* [WORK REQUIRED] Upon reaching the line containing "Figure 2. Positioning", output that line and all remaining lines exactly, through the end of the entries, and output nothing before it.
Top of MATERIAL TO PROCESS
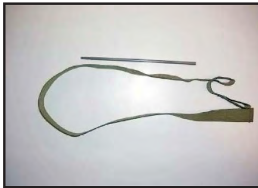
Fig 3-2-2: “Kandahar Tourniquet”

The Canadian OMLTs sprang into action, developed, and tested their own simple and effective “Kandahar Tourniquet.” The “Kandahar Tourniquet” is easy for the Afghan soldiers to use and very cost effective. The estimated unit cost is $3, including the instruction sheet and packaging. The Canadians have placed an order for 4,000 units and plan to purchase enough “Kandahar Tourniquets” for all the Afghan soldiers in their area of operation.
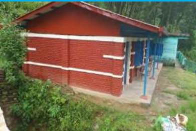
Bahradevi BS, Barabise- (Truss module new construction)
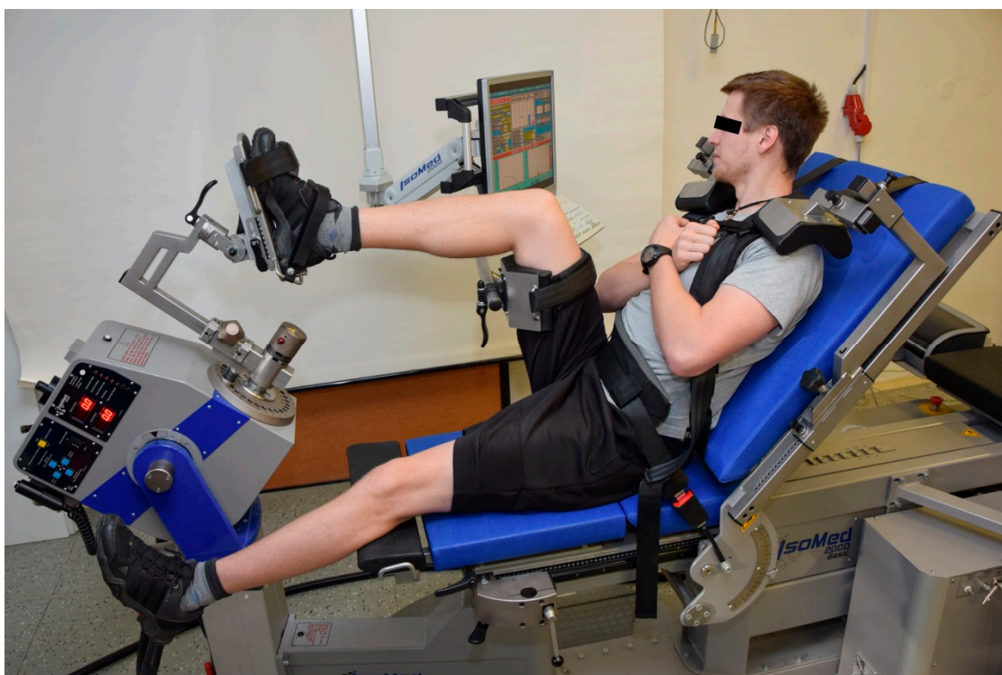
Figure 2. Positioning for the ankle invertors and evertors testing.

position were analogous to positioning for testing the ankle PF and DF, as described earlier. Figure 2 shows the testing position described above.
Bottom of MATERIAL TO PROCESS
* [REPLY]
Figure 2. Positioning for the ankle invertors and evertors testing.

position were analogous to positioning for testing the ankle PF and DF, as described earlier. Figure 2 shows the testing position described above.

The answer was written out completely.